OK, since Monday, the market has declined nicely towards my targets. So the question is: Where are the likely bounces along the way – and are they likely to be large?

For short-term trading, I need to identify likely turning points as close to the low as possible.

At these junctures, I like to back up and see where the latest action fits into the bigger picture, so here is the hourly chart:

Dow Jones spread betting chart

(Click on the chart for a larger version)

As the market was fading off the C wave high this week, I could draw in a terrific tramline pair.

The lower one passes through the major lows since May (except for the early June period) – there are at least six great touch-points.

Then, my upper tramline practically drew itself, catching the A and C wave tops and the superb prior pivot point (PPP).

This is textbook stuff – so far.

So when the market dropped down yesterday to touch the tramline, that was the point I chose to take short-term profits for a great 400 pip profit, or £400 per £1 bet.
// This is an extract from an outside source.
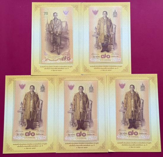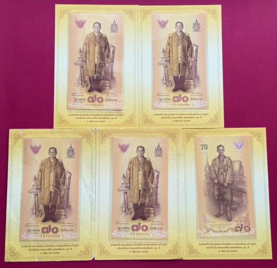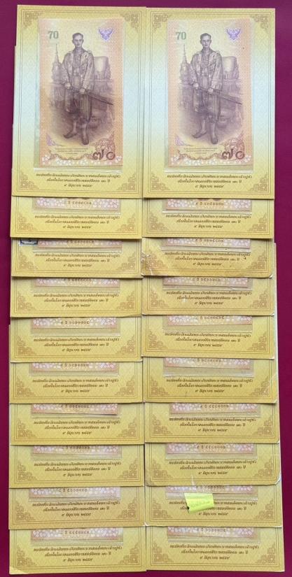 ธนบัตร 70 บาท รัชกาลที่ 9 ที่ระลึก 70 ปีครองราชย์ จำนวน 20 ใบ พร้อมปก สภาพสวยตามรูป

Remember, my risk on entry was only 3%, or 80 pips, giving a reward/risk ratio of 5:1. Very satisfactory.

These are the kinds of trades anyone can make to build up a big trading account over time.

As I show in my workshops, by patiently selecting these high reward/risk trades, a trader can anticipate seeing their account grow by roughly 25% per quarter, even allowing for losing trades along the way. Compound this growth over a few years, and I’m sure you can do the maths!

Where is the next turning point?

Now this morning, the market is staging a bounce, as I expected, so let’s go back to the short-term chart to give clues as to likely turning points. Here is the hourly chart of the decline off the C wave high:

Dow Jones spread betting chart

(Click on the chart for a larger version)

Again, I have a terrific tramline pair with great touch-points and a PPP.

The rally off yesterday’s touch of the long-term tramline (and this short-term one!) seems to be in the throes of making an A-B-C corrective rally. The maximum extent of the rally is the upper tramline to enable me to retain my immediately bearish view – but note the three-wave pattern to the decline, so far.

The rally has carried to the Fibonacci 23% retrace of the move down from the C wave top. If this level holds, that would rank as a shallow relief rally – a bearish sign.

The market would then probably quickly challenge yesterday’s low and go for a break of the long-term tramline, heading for my 12,400 first target (see Monday’s article).

But a sharp breaking rally above the upper tramline would cause me to run back to the drawing board, since that would indicate something else is going on.

But as I see it this morning, the odds favour containment by these tramlines.

• If you’re a new reader, or need a reminder about some of the methods I refer to in my trades, then do have a look at my introductory videos:

The essentials of tramline trading
Advanced tramline trading
An introduction to Elliott wave theory
Advanced trading with Elliott waves
Trading with Fibonacci levels
Trading with 'momentum'
Putting it all together

• Don't miss my next trading insight. To receive all my spread betting blog posts by email, as soon as I've written them, just sign up here .

Comments (6)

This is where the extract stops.